Given records:
·····

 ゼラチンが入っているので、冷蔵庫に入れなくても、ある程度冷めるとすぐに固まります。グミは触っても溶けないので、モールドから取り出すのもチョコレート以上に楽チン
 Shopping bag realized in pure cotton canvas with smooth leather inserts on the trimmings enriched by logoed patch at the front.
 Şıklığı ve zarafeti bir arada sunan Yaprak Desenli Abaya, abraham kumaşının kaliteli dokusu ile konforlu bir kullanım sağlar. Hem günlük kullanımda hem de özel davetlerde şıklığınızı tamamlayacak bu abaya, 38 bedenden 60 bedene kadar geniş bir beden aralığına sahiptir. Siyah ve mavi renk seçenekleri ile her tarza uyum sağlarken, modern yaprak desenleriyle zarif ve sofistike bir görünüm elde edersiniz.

·····

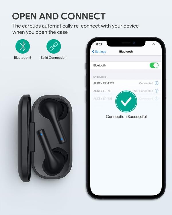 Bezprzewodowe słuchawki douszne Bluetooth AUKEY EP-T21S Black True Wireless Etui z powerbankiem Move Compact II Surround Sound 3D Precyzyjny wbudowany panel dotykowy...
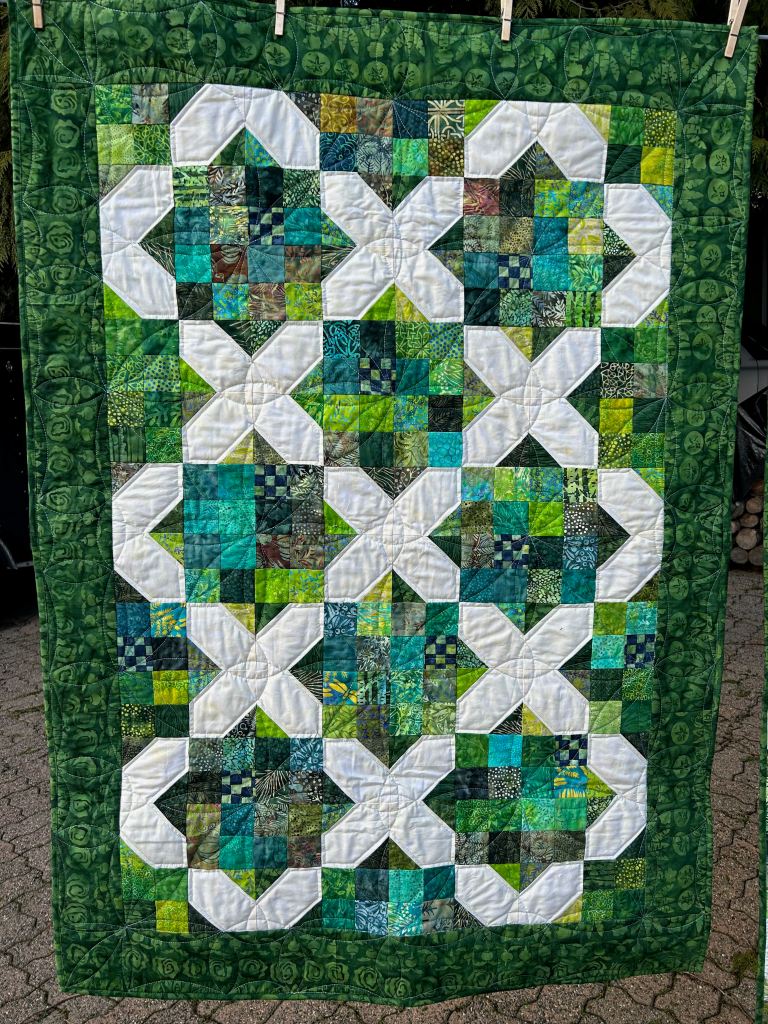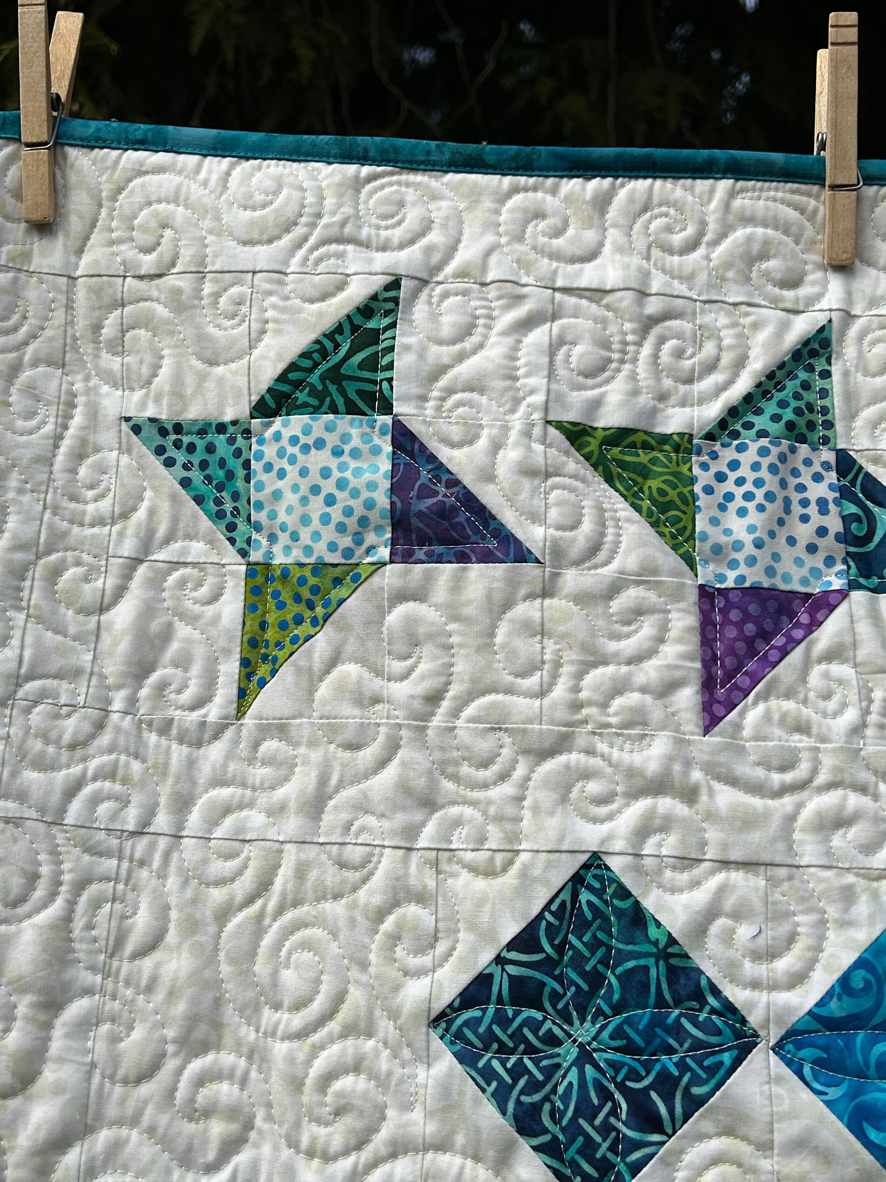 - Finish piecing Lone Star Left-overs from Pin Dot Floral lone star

·····

Your task:
The expected output is exactly the lines of the listing above between the line holding "Shopping bag realized" and the line holding "Şıklığı ve zarafeti", inclusive.

Answer:
 Shopping bag realized in pure cotton canvas with smooth leather inserts on the trimmings enriched by logoed patch at the front.
 Şıklığı ve zarafeti bir arada sunan Yaprak Desenli Abaya, abraham kumaşının kaliteli dokusu ile konforlu bir kullanım sağlar. Hem günlük kullanımda hem de özel davetlerde şıklığınızı tamamlayacak bu abaya, 38 bedenden 60 bedene kadar geniş bir beden aralığına sahiptir. Siyah ve mavi renk seçenekleri ile her tarza uyum sağlarken, modern yaprak desenleriyle zarif ve sofistike bir görünüm elde edersiniz.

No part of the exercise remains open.